The trend of increasing Δr values for decreasing Mg2+ concentrations is also consistent with an increased dampening of the PELDOR oscillations for decreasing Mg2+ concentrations. A stronger dampening of the oscillations in the time domain causes a broader distribution width in the distance domain (Fig. 2B). Consequently, a stronger dampening reflects an increased conformational flexibility of the RNA helices. For example, the yellow PELDOR time trace in Figure 3B (0.45 mM Mg2+, without TC) exhibits a stronger dampening than the yellow PELDOR time trace in Figure 3A (0.45 mM Mg2+, with TC). Therefore, the trend of Δr values is already clearly visible in the background-corrected PELDOR time traces.

Just as in Figure 3A, distance data in Figure 3B also show an increased probability for shorter distances with decreasing Mg2+ concentration. This behavior becomes more apparent when looking at the inset of Figure 3B, which shows a half-logarithmic plot of the first 300 ns of background-corrected and modulation-depth scaled PELDOR data. Here, a steeper slope corresponds to an increased probability of shorter distances in the distance domain. Due to the rather broad and unspecific profile of the distance distributions in the region from 1.8 to 3.0 nm, we did not attempt to compare these regions between Figure 3A (with TC) and Figure 3B (without TC) in a quantitative manner. It seems, however, that in the absence of TC, the aforementioned equilibrium is more shifted toward the side of meta-stable conformers.

In theory, intramolecular self-hybridization of the spin-labeled monomer (22-mer in Fig. 1B) could also yield small distances similar to those that were observed in Figure 3A,B. However, the helices were designed in such a way that the heterodimer is thermodynamically significantly more favorable than the monomer. The predicted free energy of the heterodimer was calculated to ΔGhetero = −30.0 kcal/mol, whereas the predicted free energy of the spin-labeled monomer was calculated to ΔGmono = −1.2 kcal/mol (Gruber et al. 2008). In addition, no band corresponding to a self-hybridized 22-mer was observed on a control gel (Supplemental Fig. S2). We therefore exclude the possibility of a self-hybridized monomer.

Helical stacking between TC-aptamers

The PELDOR time traces at 3 mM Mg2+ (Fig. 3A,B, green) seem to contain longer distances (r > 5 nm), as here the minimum of the first oscillation is not the overall minimum. In addition, the time traces with 3 mM Mg2+ exhibit a fairly large modulation depth Δ (Δ = 0.4 for a sample with 3 mM Mg2+ and no TC). Multispin systems, where the number of intramolecular spins N is >2, are known to increase the modulation depth Δ (von Hagens et al. 2013).

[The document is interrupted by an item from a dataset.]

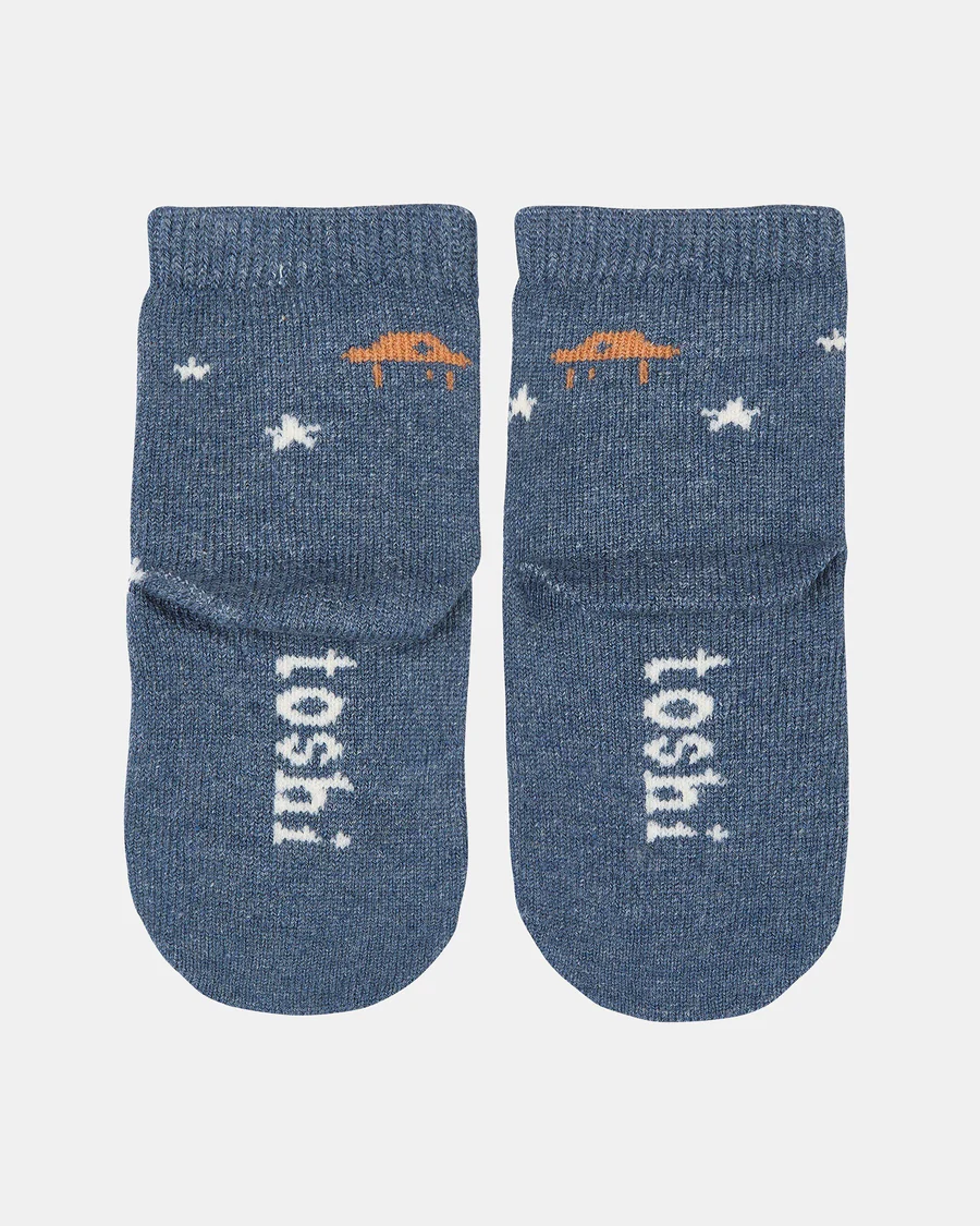 Toshi presents a beautifully curated collection of organic cotton baby socks. Crafting of the socks evolves from a blend of finely textured organic cotton melange yarn. Our cotton yarn is certified organic and this ensures Toshi socks are gentle on delicate baby feet, as well as our precious environment.

Large distances and large modulation depths are indicative of RNA stacking, a phenomenon in which RNA helices stack on top of each other (Piton et al. 2007; Krstić et al. 2011). In our case (rather broad and undefined), distances at 3 nm and from 5 nm to 7 nm (asterisks in Supplemental Fig. S8D) could be explained by a very simplified model, in which two spin-labeled aptamers were stacked on top of each other (Supplemental Fig. S7). In addition, the modulation depth Δ exhibits a clear dependence on the Mg2+ concentration (Supplemental Fig. S8E). This correlation is reasonable, as negatively charged divalent metal ions are likely to act as bridging ions between two negatively charged RNA duplex ends. Thus, a higher Mg2+ concentration facilitates stacking, which manifests itself in an increased modulation depth Δ.

To test whether our results were due to helical RNA stacking, TC-aptamers with different single-nucleotide overhangs were prepared (Supplemental Fig. S8A). Q-band PELDOR revealed that construct II was essentially free of any stacking artifacts (no additional distances and no increased modulation depth), indicating that a pyrimidine-nucleotide overhang (cytidine, construct II) is more efficient in preventing end-to-end stacking than a purine-nucleotide overhang (guanine, construct III). This is reasonable, as a computational study recently showed that G-G-nucleobase-dimers are expected to be more prone to π–π-stacking than C-C-nucleobase-dimers (Mignon et al. 2005). Similar findings were recently reported by Weinrich and coworkers on a TAR-RNA system (Weinrich et al. 2018).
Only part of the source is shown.